_What is expected_
Reproduce exactly the first line of the material below and every line after it, ending with the line that contains "Princess Eugenie wore". No pictures should be copied.

━━━ Data section

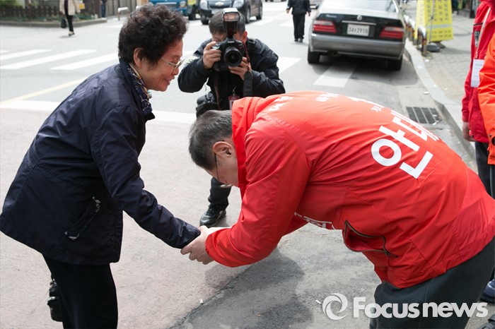 (서울=포커스뉴스) 4.13 총선 공식선거운동이 시작된 31일 오전 서울 마포구 아현시장에서 안대희 새누리당 마포갑 후보가 시민들과 인사하고 있다.
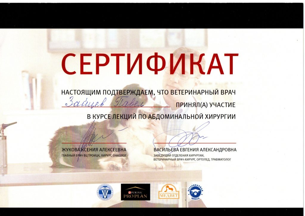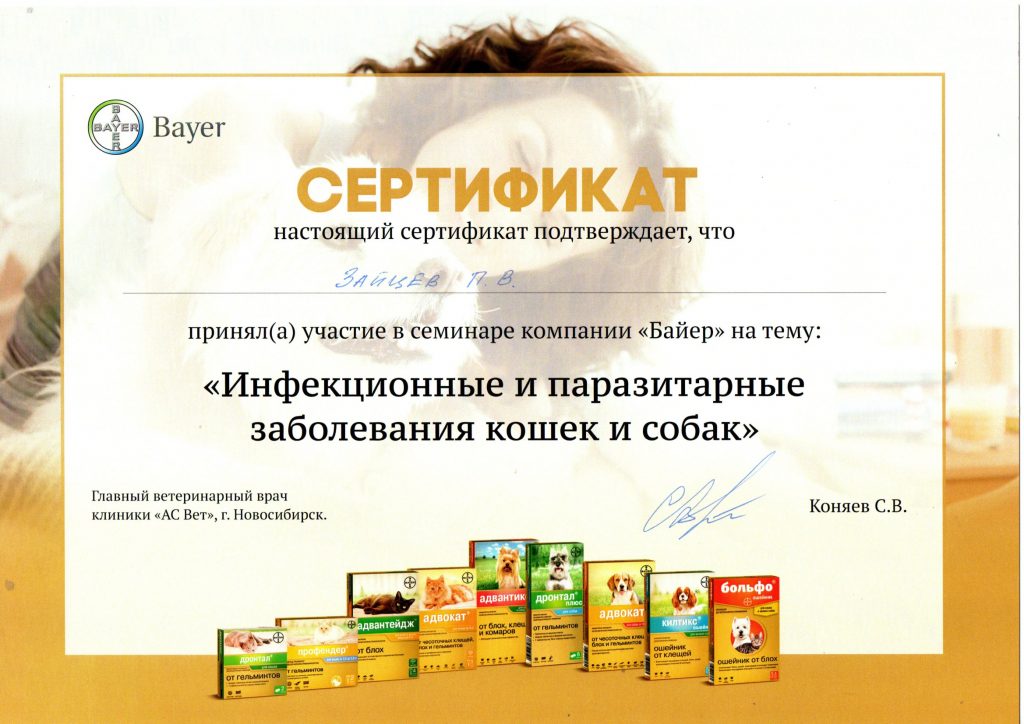 2016 год – принял участие в семинаре компании «Bayer» на тему «Инфекционные и паразитарные заболевания собак и кошек»
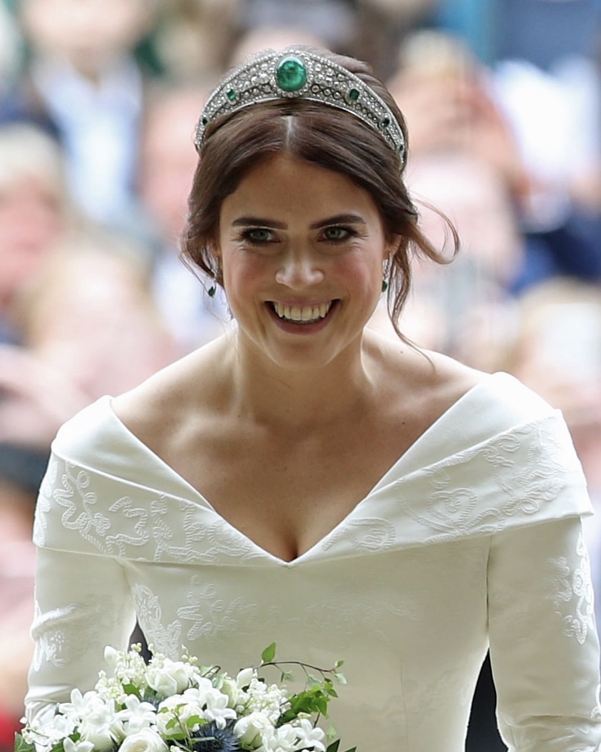 Princess Eugenie wore the Greville Emerald Kokoshnik Tiara for her wedding to longtime love Jack Brooksbank at St. George’s Chapel in 2018. Many had expected her to don the York Tiara as her wedding tiara—the same one her mother, Sarah Ferguson, wore on her wedding day—but Eugenie surprised royal watchers with a dramatic and historic choice.
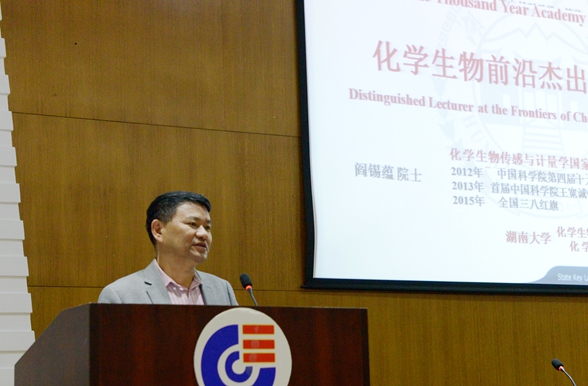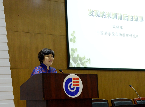 2017年10月17日,应化学生物传感与计量学国家重点实验室谭蔚泓主任邀请,中国科博彩平台生物物理所研究员、博士生导师阎锡蕴做客“千年学府论坛--化学生物前沿杰出学者讲座”,作题为“发现纳米酶背后的故事”的学术讲座。副校长谭蔚泓主持讲座,全校200余名师生参加。
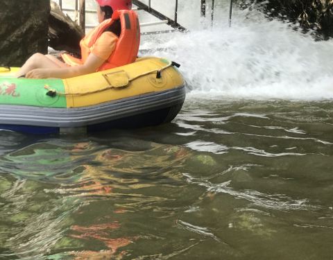 平安峡漂流前段滑洞落差好过瘾,一路都可以尖叫,后面水落差大平,又没有船桨,只用放在那里的绳子拉,手都拉到疼。望每船加个船桨,水道短了点,没有一个钟头就玩完。总的来说这次漂流是开心的:。
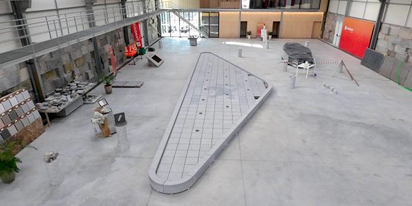 Large granite slabs in a triangular shape with low metric tolerance.
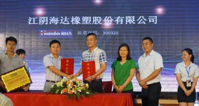 在晚会上,继德国舒德梅特、德国怡塑宝后,新帝豪与江阴海达股份签订战略合作协议,海达股份建筑事业部广东分公司总经理张文进(左二)先生、李凯经理(左一)作为海达代表出席了签约仪式。
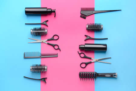 Detail of accessories for hair cutting and styling on white table. Top view. Landscape composition.
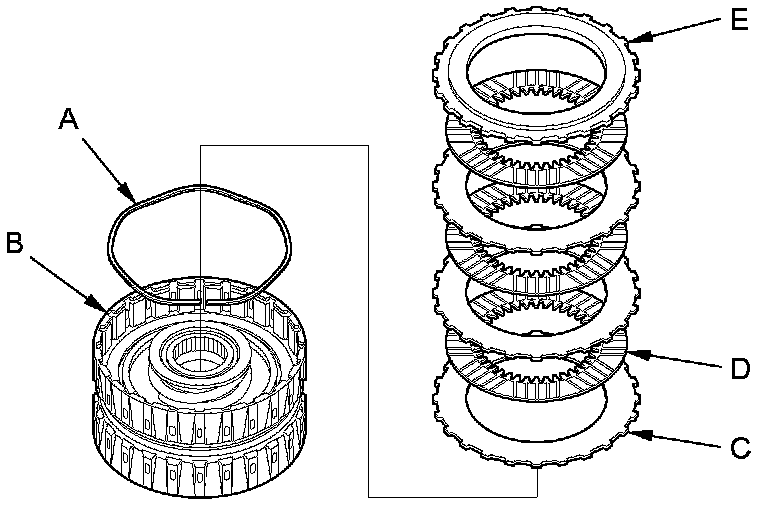 13. Install the wave spring (A) in the 4th clutch drum (B). Starting with the clutch flat-plate, alternately install the flat-plates (C) (4) and the discs (D) (4). Install the clutch end-plate (E) with the flat side down on the top disc.
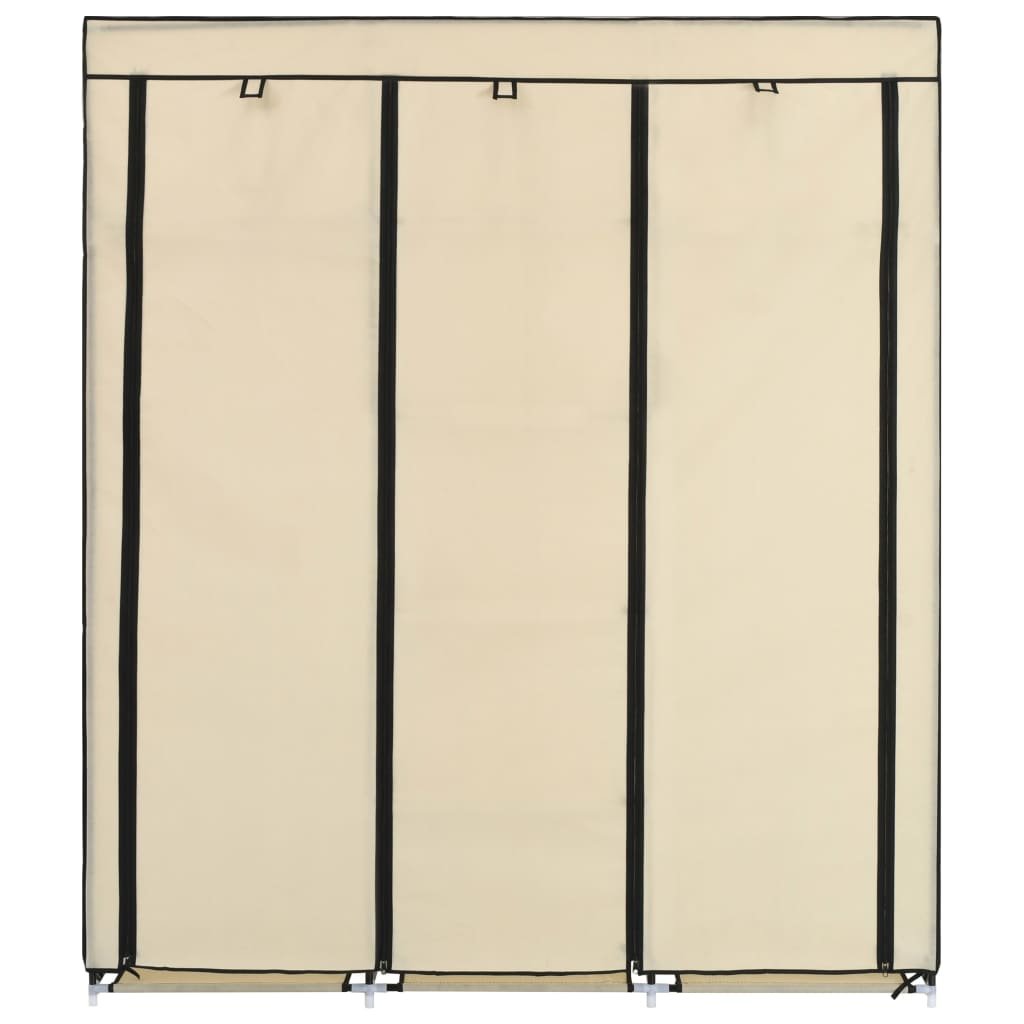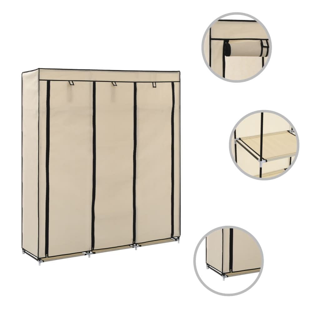 Vidaxl Garderobna omara s predelki in palicami krem 150x45x175cm blago
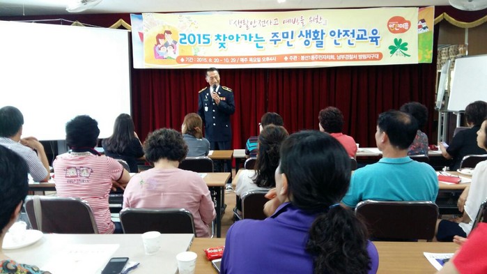 봉선1동 주민자치위원회와 방림지구대가 합동으로 개최한 ‘찾아가는 주민생활 안전교육’은 주민들을 대상으로  10월29일 까지 매주 목요일 오후4시에 10회에 걸쳐 실시되며 안전업무를 담당하는 10여개 기관이 참여해 안전교육을 실시할 예정이다.
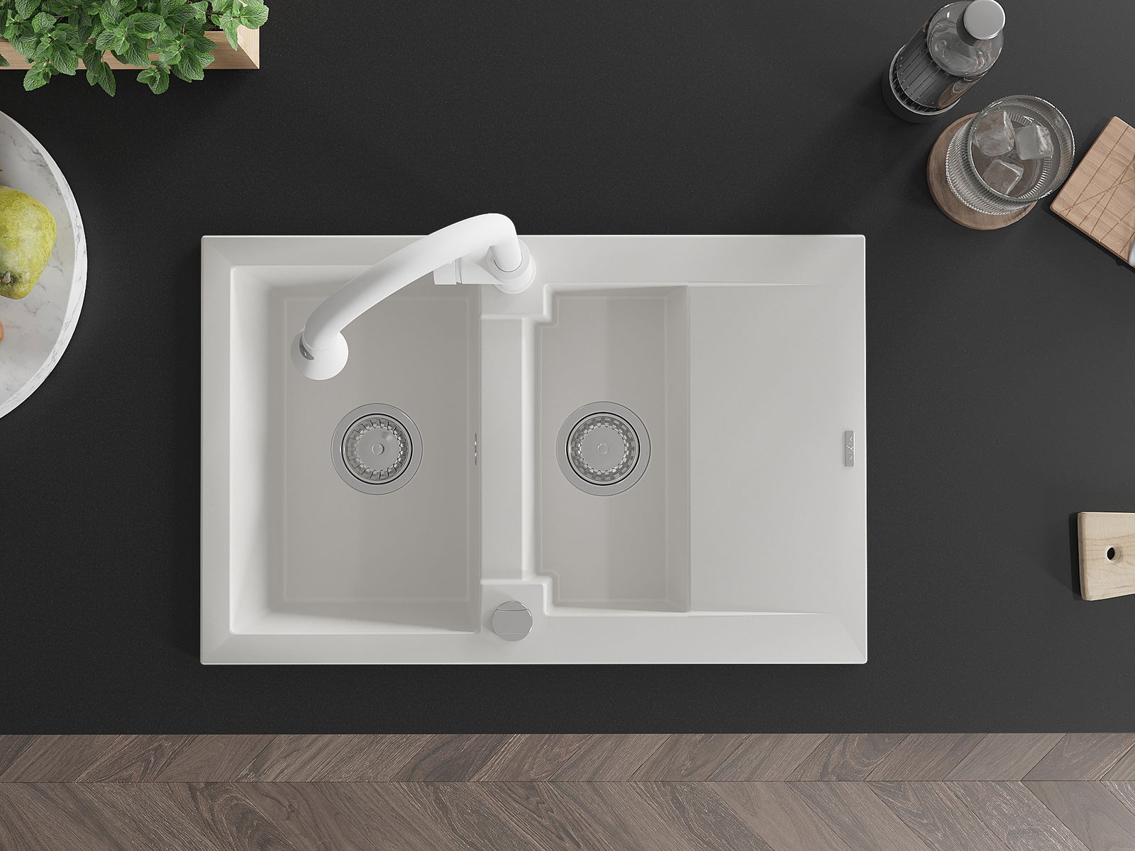 Povrch umývadla je odolný voči škvrnám a sfarbeniu, vďaka čomu sa ľahko čistí a zachováva si svoju farbu po dlhú dobu. Estetický a prakticky dopĺňajúci každú kuchyňu.

━━━━━━

_Response for this exercise_
 (서울=포커스뉴스) 4.13 총선 공식선거운동이 시작된 31일 오전 서울 마포구 아현시장에서 안대희 새누리당 마포갑 후보가 시민들과 인사하고 있다.
 2016 год – принял участие в семинаре компании «Bayer» на тему «Инфекционные и паразитарные заболевания собак и кошек»
 Princess Eugenie wore the Greville Emerald Kokoshnik Tiara for her wedding to longtime love Jack Brooksbank at St. George’s Chapel in 2018. Many had expected her to don the York Tiara as her wedding tiara—the same one her mother, Sarah Ferguson, wore on her wedding day—but Eugenie surprised royal watchers with a dramatic and historic choice.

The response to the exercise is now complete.